Human thinking and human action is nervous activity. Among doing or shaping what is done, all action is performance. What is thought to inspire this performance or its reception is nervous activity. Performance is the phenomenal and hermeneutic sheen of action; it both exists and exists as such in our understanding of action and in our execution of it. Performance is a subset of action formed by our intentional understanding of certain types of action. Intentionality is itself at work here, as I write.
Action and thinking comprise a totality of human experience and our coming to awareness of it. The two form a distinct outline in our existence as a duality of being in the world and being in our heads, that is, as a product of nervous activity. This bifurcation corresponds to two points in place and time--the place of phenomena in relation to our understanding of them, coming into existence through nervous activity. Understanding lags behind an occurrence of phenomena; this suggests that, while essential to the meaning of the phenomena itself, thinking lags behind action as it comes into being. Thinking is in closer ambit to personally intended action, that action stemming from within the thinker's intention. This thinking also requires time to both initiate and complete its own action. Thinking is of the substance of the universe, categorically, but uniquely saddled across a temporal unfolding. Therefore, thinking as a phenomena itself exists in time but that its relevance to any specific instance of time only renders it as part of the stuff of the universe. The activity of thinking faces two logical planes, each of which contradict the other. The relationship that thinking has to the existing universe is indifferent to its phenomenal existence in the unfolding of time. Thinking becomes invisible to the material world as a phenomenon, thinking. Both thinking and the unfolding of a sequence of events that we may category as phenomena require time to unfold.

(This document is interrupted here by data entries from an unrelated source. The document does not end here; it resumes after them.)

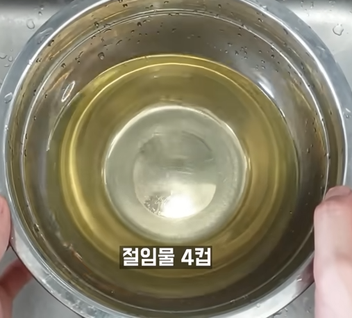 2. 물3컵, 식초3컵을 넣고 1주일간 절여줍니다.
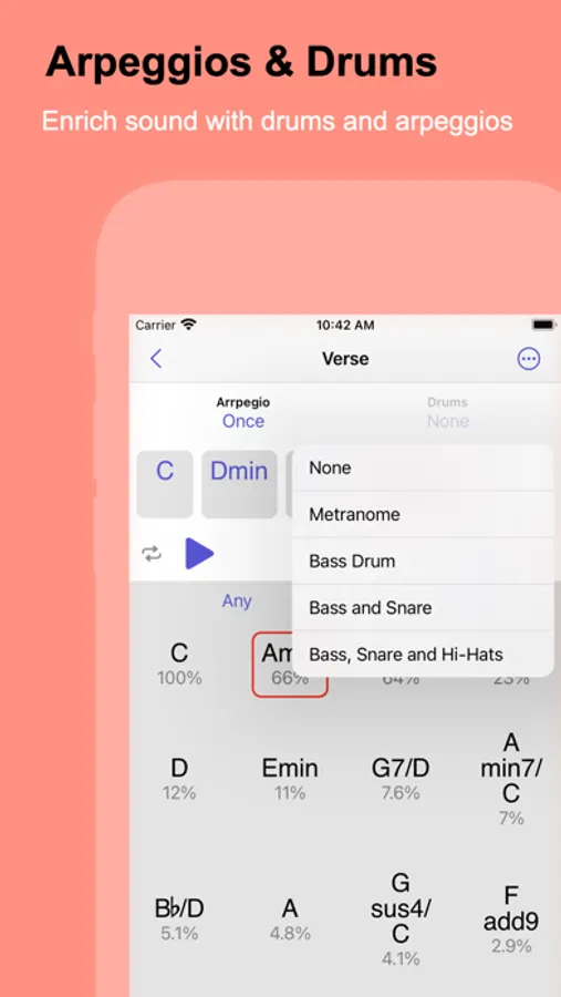 In order to make your song sound richer, you can change the default arpeggios and also choose to from different drum patterns.
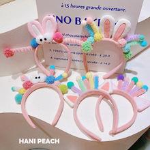 HD9486 Diadema con orejas de zorro estilo coreano con resorte y giro, color de contraste, tocado para el cabello lavado de cara dulce para mujer |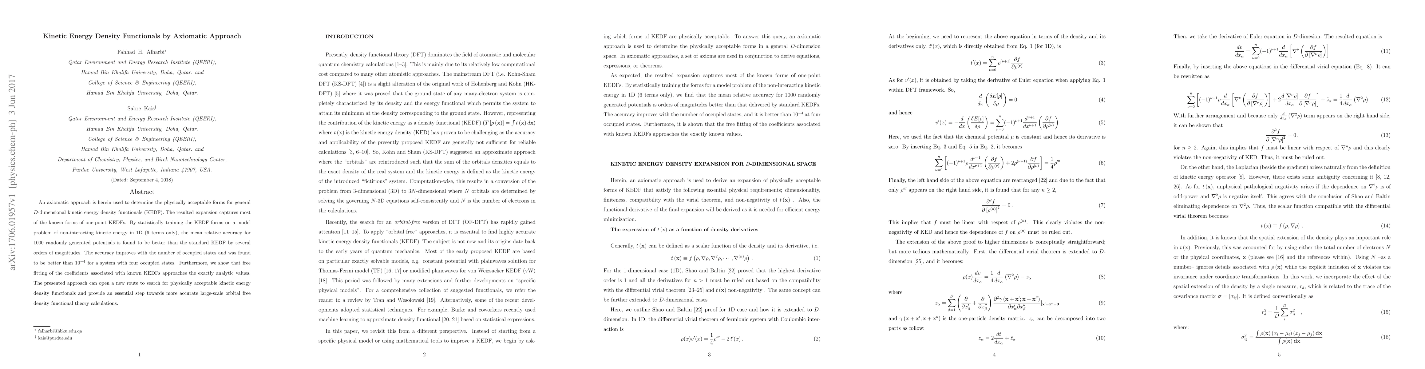 This paper develops a new axiomatic approach to determine kinetic energy density functionals (KEDF) in $D$-dimensions, capturing most known forms. The proposed KEDF, trained on a 1D model, shows significantly higher accuracy for various potentials compared to standard KEDFs, especially for systems with more occupied states.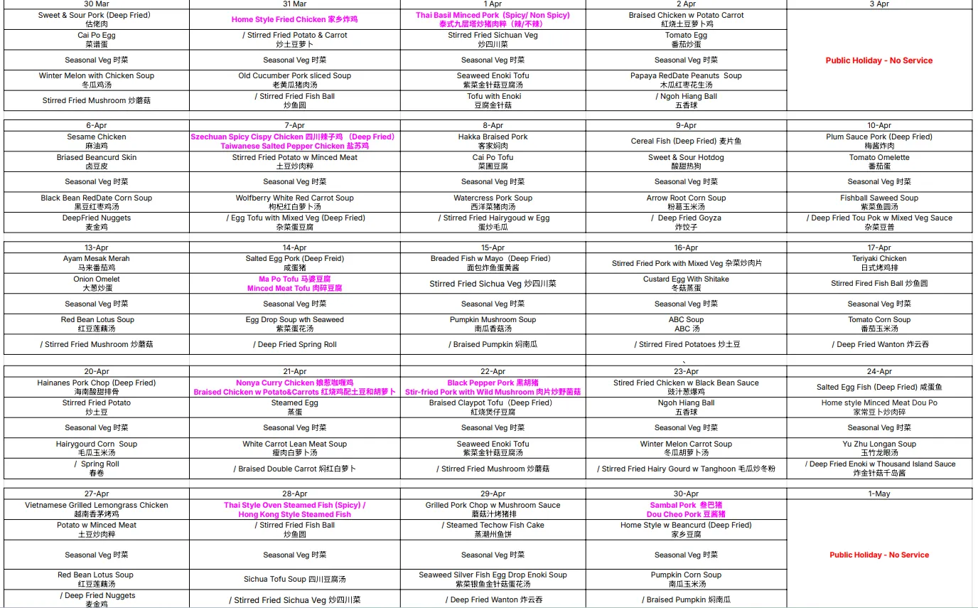 Delivery: Tingkat Services is only served from Monday to Friday. No delivery on Public Holidays, Saturdays/Sundays. No delivery charge.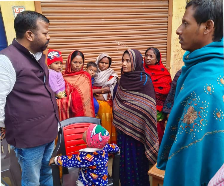 पूर्णिया. सड़क हादसे में शहर के शिवनगर, नेवालाल चौक (वार्ड 10) निवासी नंद किशोर कुमार की मौत हो गयी थी. मंगलवार को सांसद पप्पू यादव के प्रतिनिधि व प्रवक्ता राजेश यादव ने शोकाकुल परिवारों से मुलाकात की और उनके परिवार को हरसंभव मदद का भरोसा दिलाया. सांसद प्रवक्ता राजेश यादव ने डीटीओ (जिला परिवहन अधिकारी) से बातचीत कर मृतक के परिवार को सरकारी सहायता राशि शीघ्र उपलब्ध कराने का आग्रह किया. इसके साथ ही, दुर्घटनास्थल पर दुर्घटनाओं को रोकने के लिए स्पीड ब्रेकर लगाने की आवश्यकता पर भी जोर दिया. मृतक नंद किशोर कुमार अपने पीछे पत्नी शोभा देवी और तीन बच्चों, नक्स कुमार (3 वर्ष), राखी कुमारी (13 वर्ष), और रिया कुमारी (8 वर्ष) को छोड़ गये हैं. परिवार इस त्रासदी से गहरे सदमे में है. सांसद के प्रतिनिधियों ने हरसंभव मदद का आश्वासन देते हुए सरकार और प्रशासन से भी परिवार की मदद के लिए तुरंत कदम उठाने का आग्रह किया. सांसद पप्पू यादव से भी बात कर हरसंभव मदद की जायेगी. मौके मो सोयेब, प्रवीण कुमार, दिवाकर ठाकुर, मंटू दास, गुड़ु शर्मा, श्रवण यादव, राजेश कुमार आदि मौजूद थे. फोटो- 10 पूर्णिया 16- शोकाकुल परिवार से मिलते सांसद के प्रवक्ता राजेश यादव.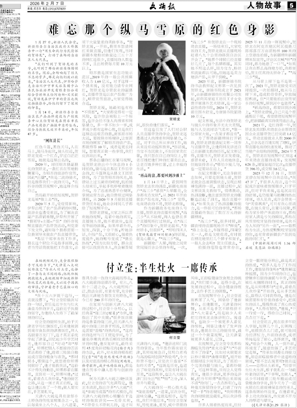1月14日,新疆维吾尔自治区农产品品牌建设与产销服务中心主任贺娇龙在博乐市农产品电商推广拍摄中意外坠马,经全力抢救无效不幸离世,年仅47岁。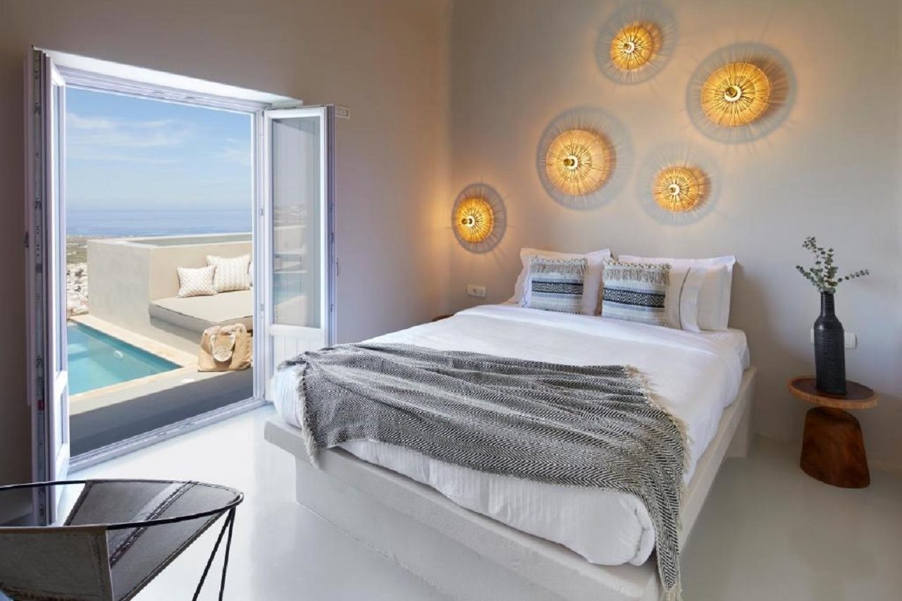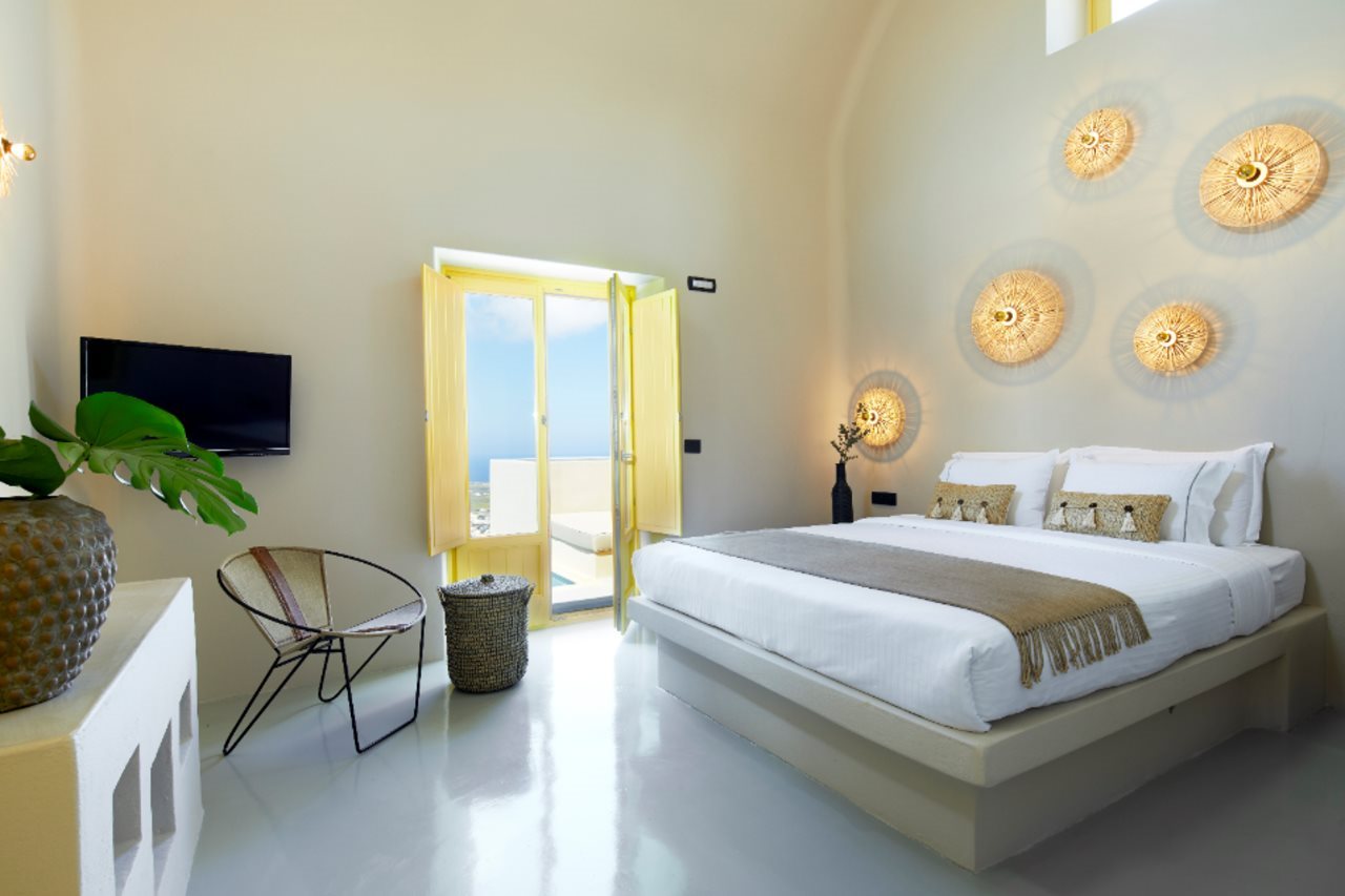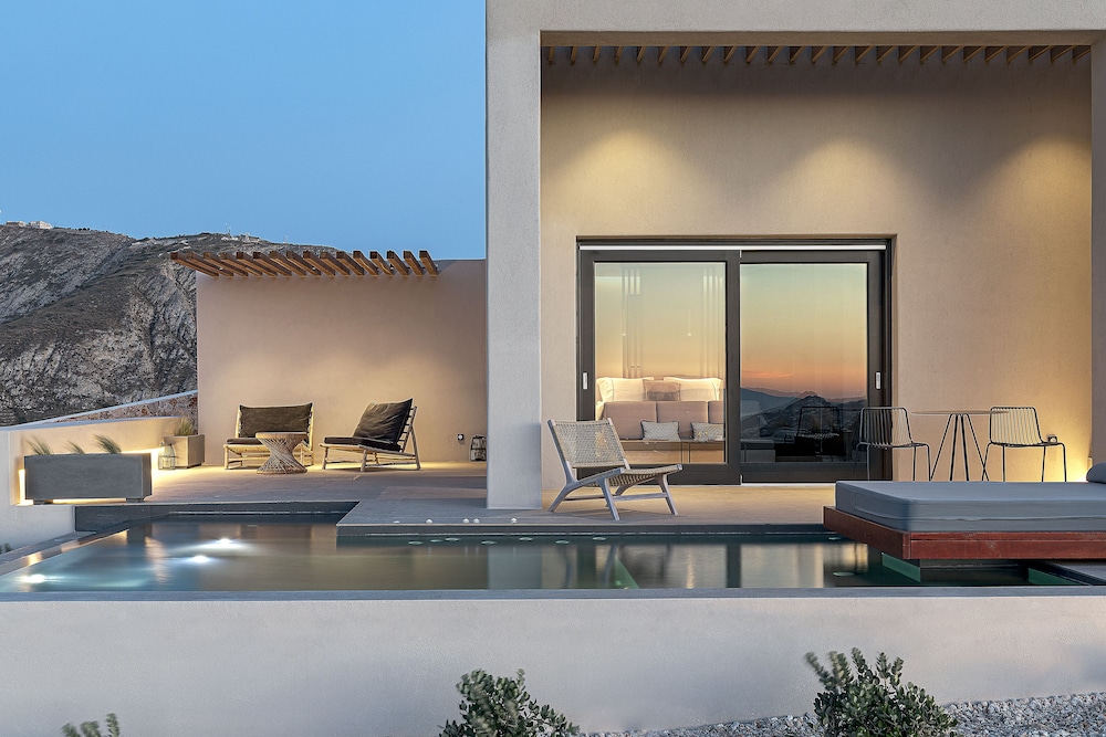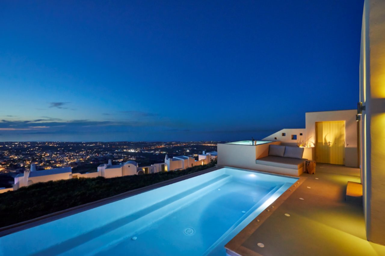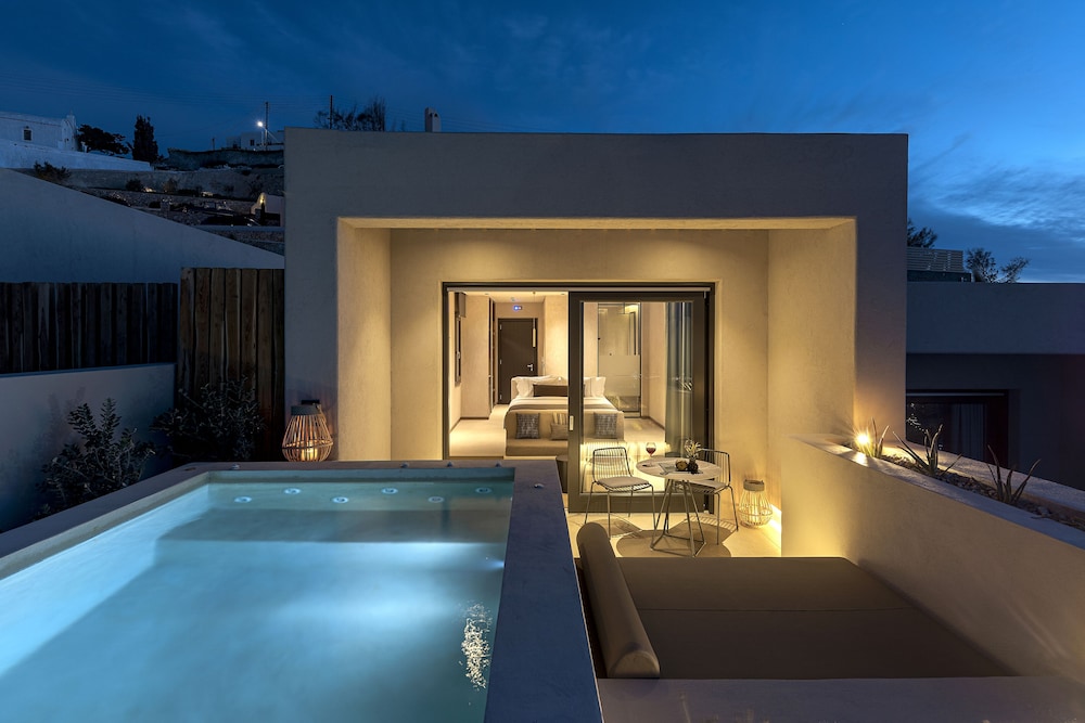 Las instalaciones y servicios incluyen servicio de transporte, acceso gratuito a Internet / WiFi, aparcamiento, servicio de negocios, piscina e instalaciones de conserjería.Las habitaciones cuentan con aire acondicionado, balcón / terraza, bañera y ducha, TV por cable / satélite, cunas bajo petición, servicio de limpieza diario, escritorio, secador de pelo, minibar, baño privado, servicio de habitaciones, detector de humo, caja de seguridad en la habitación, teléfono, televisión y WiFi gratis.Dirección: Pyrgos Kallistis, Santorini 84700, Grecia.

In this frozen moment as we regard the world and ourselves and we grant their aspects meaning those frozen bits of thinking digested into phenomena or facts are, themselves, historically emergent phenomena. The universe itself is supposedly the product of a primordial event that both unfolded time, matter, density, and the physical laws of the universe. While it signals a beginning, that beginning required time. And so we are now taking time to understand ourselves, our lives, the world around us. And you may be taking time to read this. But the things that we find meaningful take time both to understand and to occur because nothing simply existed forever. That unique seat goes to one entity who we call "God." God is prior to the reflex of neuron or the primordial mass that finally blew, creating the universe. God is also after everything has passed. But this God, especially as we commonly regard him through Christian theological teaching, has another specific purpose for our minds. God simply ends the question of why, not for everyone, but for many. And God need only serve that purpose for those that pursue answers out of an abject fear of nihilism. God also acts as a dam on our consciousness. At some point the powers of reason, of observation, of measurement, of calculation reach a barrier, a logical problem, a technical limit. God serves as a reminder at these junctures that nothing is essentially meaningless or ambiguous. It's all part of God's mystery.
Key word: mystery. Why? Because the insertion of God into a cosmology ends a mental exploration. God completes a method of inquiry by providing not only a noun but a whole grammar short-circuited around the significance of the term God itself. God is seen both in cause and effect. And God becomes a reflex word to stop thinking. God is the answer. For this reason God is used as a mental block. Instead of working past God as an answer, those who have procured great faith in this deity spend their time creating convoluted logical arcs to fit God into the pattern of life, society, and human behavior. God is the reason why some die and others kill.